Extracted material Start Marker
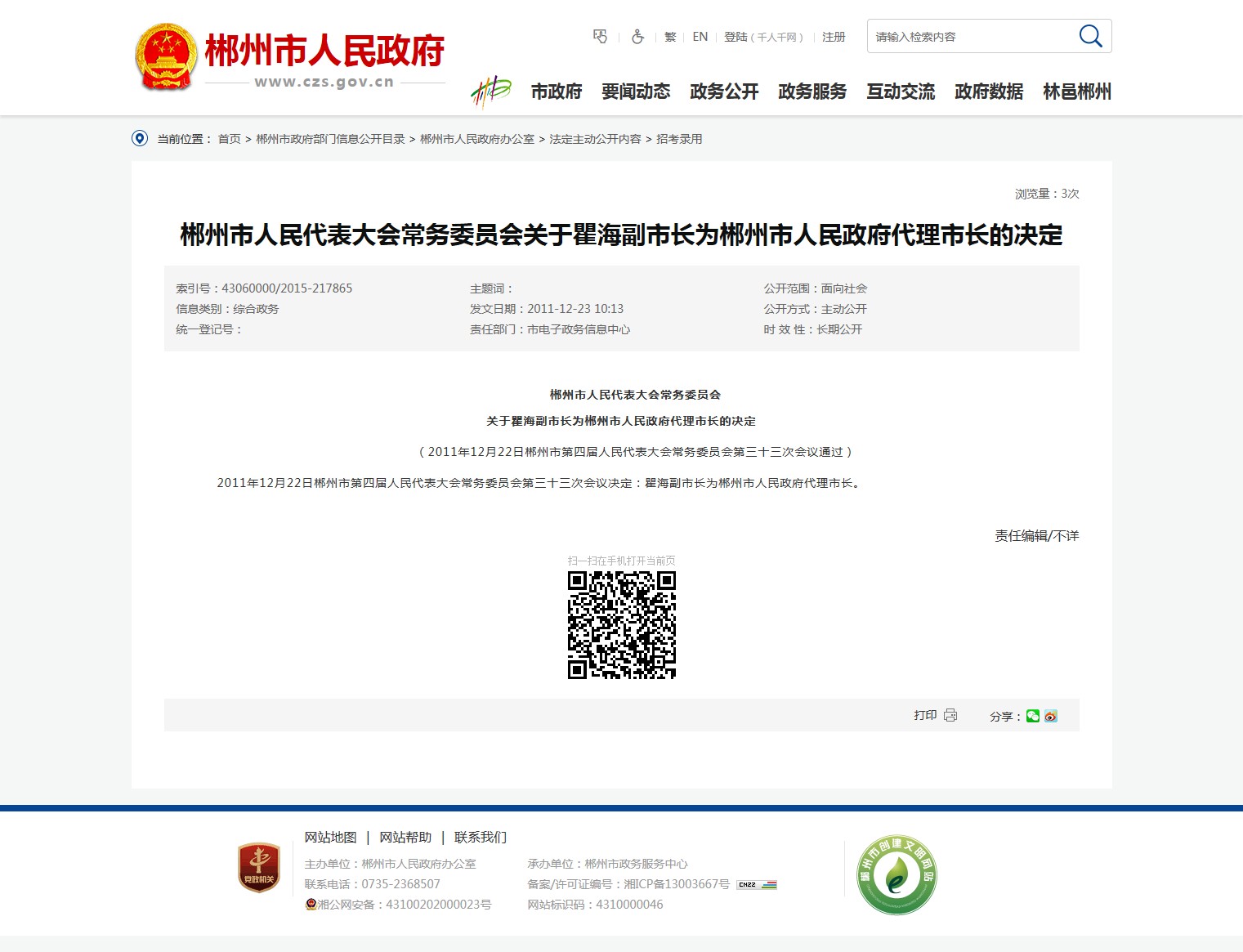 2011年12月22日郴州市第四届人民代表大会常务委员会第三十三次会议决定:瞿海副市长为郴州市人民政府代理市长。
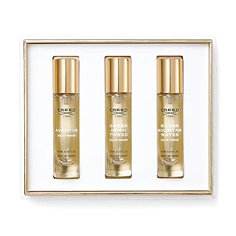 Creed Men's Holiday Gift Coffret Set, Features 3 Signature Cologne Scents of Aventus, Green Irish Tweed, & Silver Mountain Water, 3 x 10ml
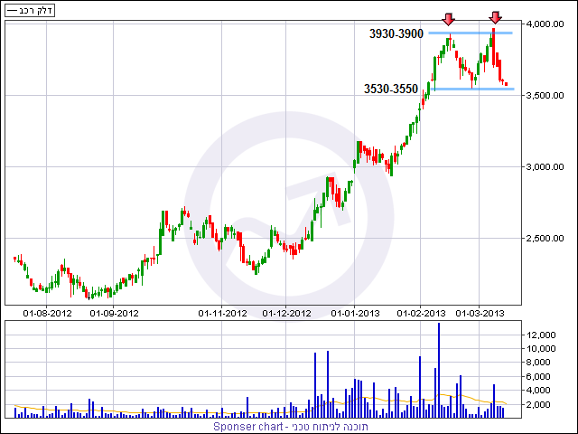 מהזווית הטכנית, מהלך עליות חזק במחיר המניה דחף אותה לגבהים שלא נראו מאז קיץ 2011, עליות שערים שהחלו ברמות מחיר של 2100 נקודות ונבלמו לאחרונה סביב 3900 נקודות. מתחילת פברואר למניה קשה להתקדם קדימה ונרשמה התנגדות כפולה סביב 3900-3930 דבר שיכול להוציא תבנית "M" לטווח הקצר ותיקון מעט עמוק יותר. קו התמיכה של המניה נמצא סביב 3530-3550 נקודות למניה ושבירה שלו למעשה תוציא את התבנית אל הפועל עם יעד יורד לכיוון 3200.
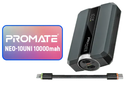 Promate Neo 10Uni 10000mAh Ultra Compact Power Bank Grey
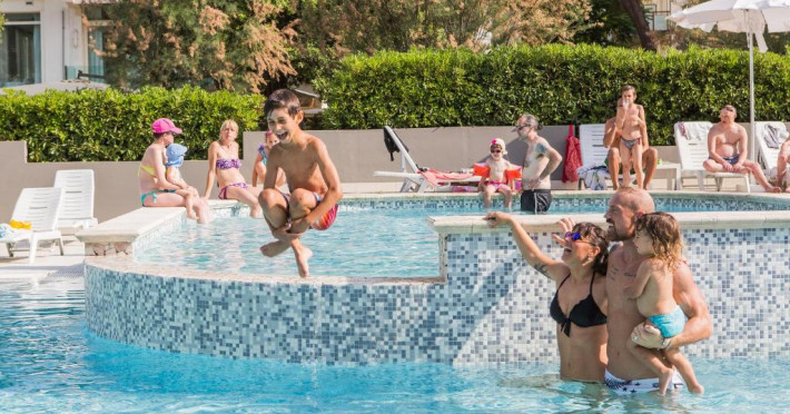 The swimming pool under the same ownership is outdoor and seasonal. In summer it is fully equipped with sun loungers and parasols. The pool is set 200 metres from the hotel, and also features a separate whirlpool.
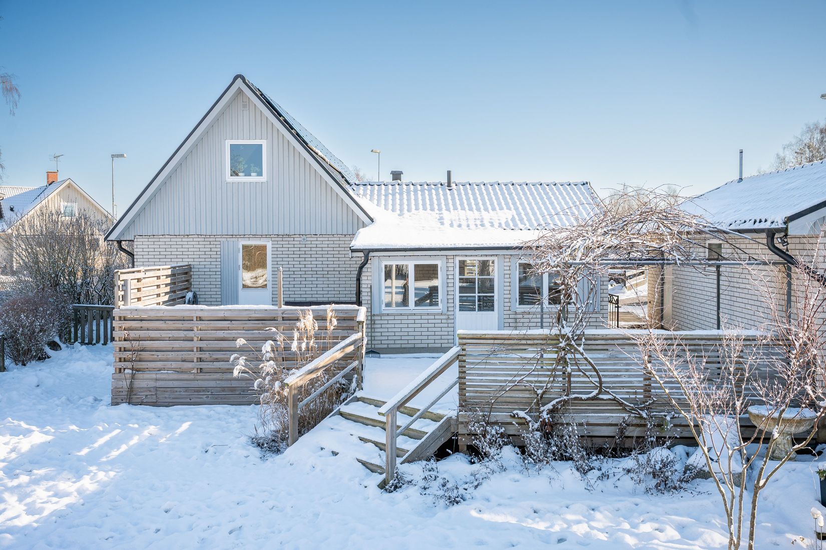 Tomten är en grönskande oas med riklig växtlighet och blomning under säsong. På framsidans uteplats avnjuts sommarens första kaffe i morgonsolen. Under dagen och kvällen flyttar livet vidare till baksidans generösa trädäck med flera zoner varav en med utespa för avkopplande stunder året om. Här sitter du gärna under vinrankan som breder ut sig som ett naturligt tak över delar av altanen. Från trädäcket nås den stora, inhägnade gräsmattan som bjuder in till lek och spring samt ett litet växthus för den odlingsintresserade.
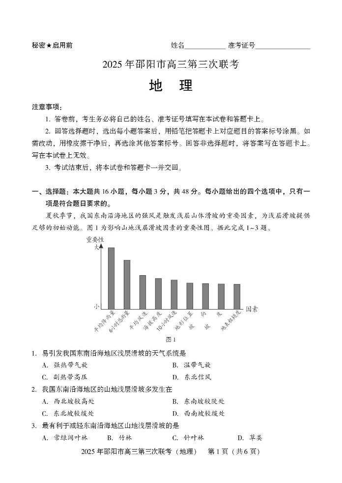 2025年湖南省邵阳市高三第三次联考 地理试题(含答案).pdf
Extracted material End Marker
*Problem to solve:*
With the pictures omitted, restate every entry above word for word.

*Output:*
 2011年12月22日郴州市第四届人民代表大会常务委员会第三十三次会议决定:瞿海副市长为郴州市人民政府代理市长。
 Creed Men's Holiday Gift Coffret Set, Features 3 Signature Cologne Scents of Aventus, Green Irish Tweed, & Silver Mountain Water, 3 x 10ml
 מהזווית הטכנית, מהלך עליות חזק במחיר המניה דחף אותה לגבהים שלא נראו מאז קיץ 2011, עליות שערים שהחלו ברמות מחיר של 2100 נקודות ונבלמו לאחרונה סביב 3900 נקודות. מתחילת פברואר למניה קשה להתקדם קדימה ונרשמה התנגדות כפולה סביב 3900-3930 דבר שיכול להוציא תבנית "M" לטווח הקצר ותיקון מעט עמוק יותר. קו התמיכה של המניה נמצא סביב 3530-3550 נקודות למניה ושבירה שלו למעשה תוציא את התבנית אל הפועל עם יעד יורד לכיוון 3200.
 Promate Neo 10Uni 10000mAh Ultra Compact Power Bank Grey
 The swimming pool under the same ownership is outdoor and seasonal. In summer it is fully equipped with sun loungers and parasols. The pool is set 200 metres from the hotel, and also features a separate whirlpool.
 Tomten är en grönskande oas med riklig växtlighet och blomning under säsong. På framsidans uteplats avnjuts sommarens första kaffe i morgonsolen. Under dagen och kvällen flyttar livet vidare till baksidans generösa trädäck med flera zoner varav en med utespa för avkopplande stunder året om. Här sitter du gärna under vinrankan som breder ut sig som ett naturligt tak över delar av altanen. Från trädäcket nås den stora, inhägnade gräsmattan som bjuder in till lek och spring samt ett litet växthus för den odlingsintresserade.
 2025年湖南省邵阳市高三第三次联考 地理试题(含答案).pdf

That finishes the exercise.